» REQUIRED WORK:
Give back every line of the material below exactly, but no images.

» INFORMATION SHOWN:
== Segment start ==

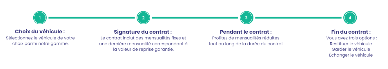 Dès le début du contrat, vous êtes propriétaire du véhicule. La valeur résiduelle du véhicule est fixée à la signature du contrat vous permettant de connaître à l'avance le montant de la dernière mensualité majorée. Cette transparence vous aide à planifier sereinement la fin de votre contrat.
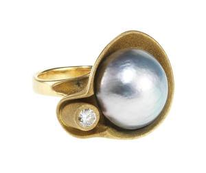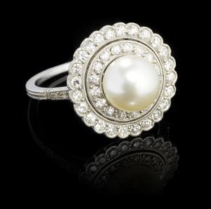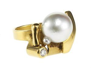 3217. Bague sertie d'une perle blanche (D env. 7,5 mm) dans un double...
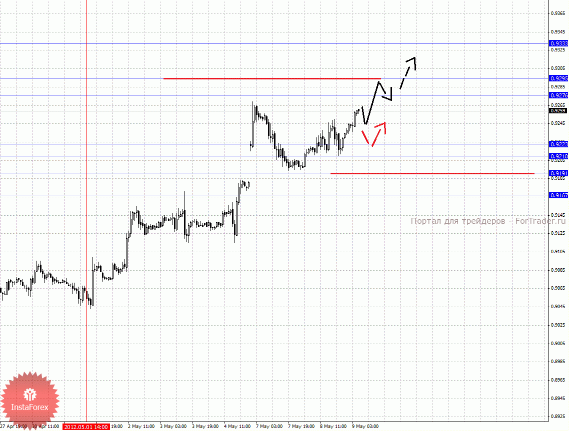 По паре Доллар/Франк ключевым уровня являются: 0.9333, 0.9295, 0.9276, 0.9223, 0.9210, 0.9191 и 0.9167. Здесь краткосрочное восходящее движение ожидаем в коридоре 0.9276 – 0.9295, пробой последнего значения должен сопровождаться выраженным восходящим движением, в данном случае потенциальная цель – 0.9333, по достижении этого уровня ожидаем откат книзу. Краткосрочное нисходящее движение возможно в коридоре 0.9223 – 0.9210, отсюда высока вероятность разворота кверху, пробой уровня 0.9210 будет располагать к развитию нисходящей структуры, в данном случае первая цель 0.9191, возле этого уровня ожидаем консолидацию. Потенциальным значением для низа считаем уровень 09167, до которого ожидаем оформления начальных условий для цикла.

== Segment end ==

» RESULT:
 Dès le début du contrat, vous êtes propriétaire du véhicule. La valeur résiduelle du véhicule est fixée à la signature du contrat vous permettant de connaître à l'avance le montant de la dernière mensualité majorée. Cette transparence vous aide à planifier sereinement la fin de votre contrat.
 3217. Bague sertie d'une perle blanche (D env. 7,5 mm) dans un double...
 По паре Доллар/Франк ключевым уровня являются: 0.9333, 0.9295, 0.9276, 0.9223, 0.9210, 0.9191 и 0.9167. Здесь краткосрочное восходящее движение ожидаем в коридоре 0.9276 – 0.9295, пробой последнего значения должен сопровождаться выраженным восходящим движением, в данном случае потенциальная цель – 0.9333, по достижении этого уровня ожидаем откат книзу. Краткосрочное нисходящее движение возможно в коридоре 0.9223 – 0.9210, отсюда высока вероятность разворота кверху, пробой уровня 0.9210 будет располагать к развитию нисходящей структуры, в данном случае первая цель 0.9191, возле этого уровня ожидаем консолидацию. Потенциальным значением для низа считаем уровень 09167, до которого ожидаем оформления начальных условий для цикла.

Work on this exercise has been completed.